What to do. Down to the last line, reproduce the data below exactly.
#### Input material
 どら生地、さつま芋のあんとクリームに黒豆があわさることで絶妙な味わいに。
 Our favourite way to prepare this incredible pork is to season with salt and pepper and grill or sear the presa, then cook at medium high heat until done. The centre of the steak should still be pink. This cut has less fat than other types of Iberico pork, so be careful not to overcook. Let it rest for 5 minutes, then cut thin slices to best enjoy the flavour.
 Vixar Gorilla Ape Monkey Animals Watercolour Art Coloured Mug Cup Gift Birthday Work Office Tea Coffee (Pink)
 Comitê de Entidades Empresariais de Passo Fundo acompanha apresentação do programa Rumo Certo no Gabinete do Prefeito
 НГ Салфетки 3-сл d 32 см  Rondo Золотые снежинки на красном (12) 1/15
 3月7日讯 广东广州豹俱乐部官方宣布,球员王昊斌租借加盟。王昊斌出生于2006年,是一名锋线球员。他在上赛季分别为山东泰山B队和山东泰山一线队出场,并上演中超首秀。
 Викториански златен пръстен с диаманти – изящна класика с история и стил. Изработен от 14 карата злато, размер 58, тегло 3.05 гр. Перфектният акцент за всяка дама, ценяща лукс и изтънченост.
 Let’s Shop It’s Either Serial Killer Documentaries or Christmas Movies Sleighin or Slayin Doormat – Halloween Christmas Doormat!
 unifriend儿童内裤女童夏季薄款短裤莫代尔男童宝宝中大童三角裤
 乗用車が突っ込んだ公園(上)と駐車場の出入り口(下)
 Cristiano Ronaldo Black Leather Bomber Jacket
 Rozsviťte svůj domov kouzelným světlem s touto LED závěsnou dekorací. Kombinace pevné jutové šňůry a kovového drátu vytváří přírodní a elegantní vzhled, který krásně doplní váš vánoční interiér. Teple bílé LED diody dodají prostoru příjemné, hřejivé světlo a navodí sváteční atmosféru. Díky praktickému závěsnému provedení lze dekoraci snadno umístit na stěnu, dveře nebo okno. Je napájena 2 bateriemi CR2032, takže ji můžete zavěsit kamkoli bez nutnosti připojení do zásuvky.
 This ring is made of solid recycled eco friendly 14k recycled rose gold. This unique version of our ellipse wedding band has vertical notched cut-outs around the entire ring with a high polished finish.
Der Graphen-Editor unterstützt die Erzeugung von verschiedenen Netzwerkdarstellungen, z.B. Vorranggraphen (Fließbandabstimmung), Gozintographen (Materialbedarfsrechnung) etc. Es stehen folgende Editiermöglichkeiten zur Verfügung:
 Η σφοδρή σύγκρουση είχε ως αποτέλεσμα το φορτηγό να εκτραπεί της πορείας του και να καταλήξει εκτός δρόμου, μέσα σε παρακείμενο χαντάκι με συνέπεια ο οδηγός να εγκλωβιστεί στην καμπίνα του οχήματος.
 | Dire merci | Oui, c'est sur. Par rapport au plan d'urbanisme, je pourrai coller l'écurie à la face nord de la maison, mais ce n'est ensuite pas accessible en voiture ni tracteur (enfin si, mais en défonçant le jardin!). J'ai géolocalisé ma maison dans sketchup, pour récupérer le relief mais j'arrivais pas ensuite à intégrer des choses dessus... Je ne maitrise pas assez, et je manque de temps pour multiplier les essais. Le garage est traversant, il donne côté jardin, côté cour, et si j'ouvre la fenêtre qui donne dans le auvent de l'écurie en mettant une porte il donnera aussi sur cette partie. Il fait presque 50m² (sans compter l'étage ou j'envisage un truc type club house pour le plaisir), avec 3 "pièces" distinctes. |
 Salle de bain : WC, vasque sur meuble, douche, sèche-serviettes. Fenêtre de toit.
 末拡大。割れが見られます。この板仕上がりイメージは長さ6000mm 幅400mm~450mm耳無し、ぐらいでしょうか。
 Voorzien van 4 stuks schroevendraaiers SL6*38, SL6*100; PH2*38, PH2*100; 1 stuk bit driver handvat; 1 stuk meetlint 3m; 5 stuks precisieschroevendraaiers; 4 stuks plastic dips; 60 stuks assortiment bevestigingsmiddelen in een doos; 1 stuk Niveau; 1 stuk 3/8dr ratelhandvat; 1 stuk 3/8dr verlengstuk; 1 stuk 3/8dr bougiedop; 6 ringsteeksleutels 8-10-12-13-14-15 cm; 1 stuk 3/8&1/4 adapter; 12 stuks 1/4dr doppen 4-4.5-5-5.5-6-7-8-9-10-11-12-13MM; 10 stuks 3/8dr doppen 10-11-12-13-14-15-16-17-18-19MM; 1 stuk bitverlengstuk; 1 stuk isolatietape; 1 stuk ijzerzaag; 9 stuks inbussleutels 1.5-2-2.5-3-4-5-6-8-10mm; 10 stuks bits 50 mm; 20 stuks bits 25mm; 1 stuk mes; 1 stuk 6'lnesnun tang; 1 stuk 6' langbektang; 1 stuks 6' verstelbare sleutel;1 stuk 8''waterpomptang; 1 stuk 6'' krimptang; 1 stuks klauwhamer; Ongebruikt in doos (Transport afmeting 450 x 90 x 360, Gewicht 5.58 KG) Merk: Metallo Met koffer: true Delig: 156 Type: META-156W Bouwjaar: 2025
########
Task answer.
 どら生地、さつま芋のあんとクリームに黒豆があわさることで絶妙な味わいに。
 Our favourite way to prepare this incredible pork is to season with salt and pepper and grill or sear the presa, then cook at medium high heat until done. The centre of the steak should still be pink. This cut has less fat than other types of Iberico pork, so be careful not to overcook. Let it rest for 5 minutes, then cut thin slices to best enjoy the flavour.
 Vixar Gorilla Ape Monkey Animals Watercolour Art Coloured Mug Cup Gift Birthday Work Office Tea Coffee (Pink)
 Comitê de Entidades Empresariais de Passo Fundo acompanha apresentação do programa Rumo Certo no Gabinete do Prefeito
 НГ Салфетки 3-сл d 32 см  Rondo Золотые снежинки на красном (12) 1/15
 3月7日讯 广东广州豹俱乐部官方宣布,球员王昊斌租借加盟。王昊斌出生于2006年,是一名锋线球员。他在上赛季分别为山东泰山B队和山东泰山一线队出场,并上演中超首秀。
 Викториански златен пръстен с диаманти – изящна класика с история и стил. Изработен от 14 карата злато, размер 58, тегло 3.05 гр. Перфектният акцент за всяка дама, ценяща лукс и изтънченост.
 Let’s Shop It’s Either Serial Killer Documentaries or Christmas Movies Sleighin or Slayin Doormat – Halloween Christmas Doormat!
 unifriend儿童内裤女童夏季薄款短裤莫代尔男童宝宝中大童三角裤
 乗用車が突っ込んだ公園(上)と駐車場の出入り口(下)
 Cristiano Ronaldo Black Leather Bomber Jacket
 Rozsviťte svůj domov kouzelným světlem s touto LED závěsnou dekorací. Kombinace pevné jutové šňůry a kovového drátu vytváří přírodní a elegantní vzhled, který krásně doplní váš vánoční interiér. Teple bílé LED diody dodají prostoru příjemné, hřejivé světlo a navodí sváteční atmosféru. Díky praktickému závěsnému provedení lze dekoraci snadno umístit na stěnu, dveře nebo okno. Je napájena 2 bateriemi CR2032, takže ji můžete zavěsit kamkoli bez nutnosti připojení do zásuvky.
 This ring is made of solid recycled eco friendly 14k recycled rose gold. This unique version of our ellipse wedding band has vertical notched cut-outs around the entire ring with a high polished finish.
Der Graphen-Editor unterstützt die Erzeugung von verschiedenen Netzwerkdarstellungen, z.B. Vorranggraphen (Fließbandabstimmung), Gozintographen (Materialbedarfsrechnung) etc. Es stehen folgende Editiermöglichkeiten zur Verfügung:
 Η σφοδρή σύγκρουση είχε ως αποτέλεσμα το φορτηγό να εκτραπεί της πορείας του και να καταλήξει εκτός δρόμου, μέσα σε παρακείμενο χαντάκι με συνέπεια ο οδηγός να εγκλωβιστεί στην καμπίνα του οχήματος.
 | Dire merci | Oui, c'est sur. Par rapport au plan d'urbanisme, je pourrai coller l'écurie à la face nord de la maison, mais ce n'est ensuite pas accessible en voiture ni tracteur (enfin si, mais en défonçant le jardin!). J'ai géolocalisé ma maison dans sketchup, pour récupérer le relief mais j'arrivais pas ensuite à intégrer des choses dessus... Je ne maitrise pas assez, et je manque de temps pour multiplier les essais. Le garage est traversant, il donne côté jardin, côté cour, et si j'ouvre la fenêtre qui donne dans le auvent de l'écurie en mettant une porte il donnera aussi sur cette partie. Il fait presque 50m² (sans compter l'étage ou j'envisage un truc type club house pour le plaisir), avec 3 "pièces" distinctes. |
 Salle de bain : WC, vasque sur meuble, douche, sèche-serviettes. Fenêtre de toit.
 末拡大。割れが見られます。この板仕上がりイメージは長さ6000mm 幅400mm~450mm耳無し、ぐらいでしょうか。
 Voorzien van 4 stuks schroevendraaiers SL6*38, SL6*100; PH2*38, PH2*100; 1 stuk bit driver handvat; 1 stuk meetlint 3m; 5 stuks precisieschroevendraaiers; 4 stuks plastic dips; 60 stuks assortiment bevestigingsmiddelen in een doos; 1 stuk Niveau; 1 stuk 3/8dr ratelhandvat; 1 stuk 3/8dr verlengstuk; 1 stuk 3/8dr bougiedop; 6 ringsteeksleutels 8-10-12-13-14-15 cm; 1 stuk 3/8&1/4 adapter; 12 stuks 1/4dr doppen 4-4.5-5-5.5-6-7-8-9-10-11-12-13MM; 10 stuks 3/8dr doppen 10-11-12-13-14-15-16-17-18-19MM; 1 stuk bitverlengstuk; 1 stuk isolatietape; 1 stuk ijzerzaag; 9 stuks inbussleutels 1.5-2-2.5-3-4-5-6-8-10mm; 10 stuks bits 50 mm; 20 stuks bits 25mm; 1 stuk mes; 1 stuk 6'lnesnun tang; 1 stuk 6' langbektang; 1 stuks 6' verstelbare sleutel;1 stuk 8''waterpomptang; 1 stuk 6'' krimptang; 1 stuks klauwhamer; Ongebruikt in doos (Transport afmeting 450 x 90 x 360, Gewicht 5.58 KG) Merk: Metallo Met koffer: true Delig: 156 Type: META-156W Bouwjaar: 2025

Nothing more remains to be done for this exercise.